The Slayer succeeds in being one of the few video nasties that someway lives up to its gruesome reputation. Robert Folk’s impressively orchestrated score keeps the tension running high and Cardone adds some neat directorial touches that build a few satisfying scares throughout the runtime. Although Richard Short’s special effects don’t stand up to the scrutiny of Tom Savini’s greatest hits, there are still some memorable gore scenes on offer. One guy gets semi decapitated in an ingenious killing that has surprisingly never been imitated over the following years, and there’s a decidedly grisly pitchfork impalement that is worth the budget purchase price alone. The film does drag somewhat in places, but some splendid scenes, which see Kay battling to stay awake and prevent the monster’s reappearance, salvage the final third. A good plot twist in the closing scene makes up for the somewhat brief showdown when the beast is finally unveiled. The net result is a movie that overcomes it’s flaws with a generally macabre underlining of claustrophobic doom.

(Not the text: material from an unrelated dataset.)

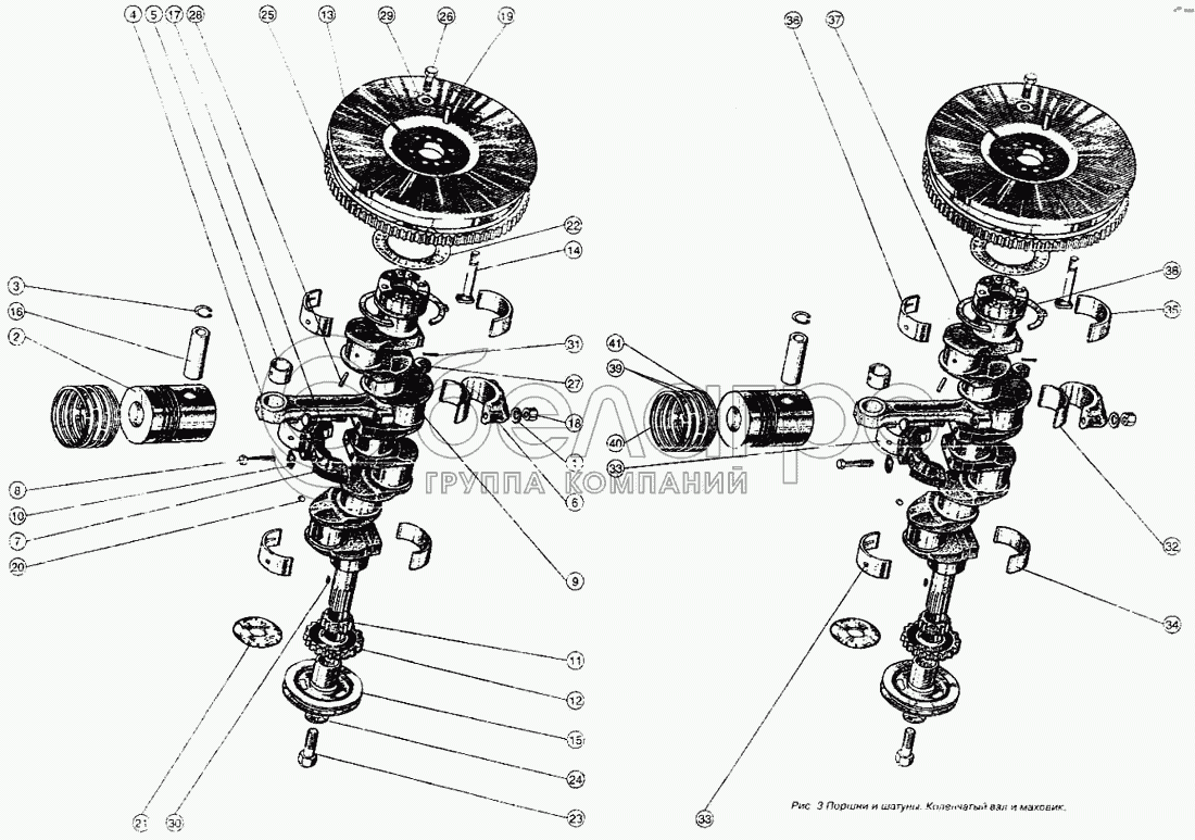 Каталог запасных частей к технике: ММЗ Д-243. Поршни и шатуны. Коленчатый вал и маховик

Unfortunately, the years haven’t been to kind to this feature and the digitally remastered DVD cannot hide the numerous blips on the negative. The level of performance from the cast is really bad, especially the lack of emotion from lead, Sarah Kendall. Even when her brother and husband have been slaughtered she fails to look anything other than totally flat. At times, the script falls foul of the old ‘victim # 1 goes missing so victim # 2 goes looking for him’ shortcut, which shows a weakness in the screenplay. But the intriguing set locations and some stunning aerial photography keep things moving.
The Slayer is one of the many old horror movies that have been re-released totally unedited on budget DVD. You can pick it up for next to nothing on Amazon, so there’s really no reason why you shouldn’t. Eerie and at times downright gruesome, this one is certainly worth re-visiting.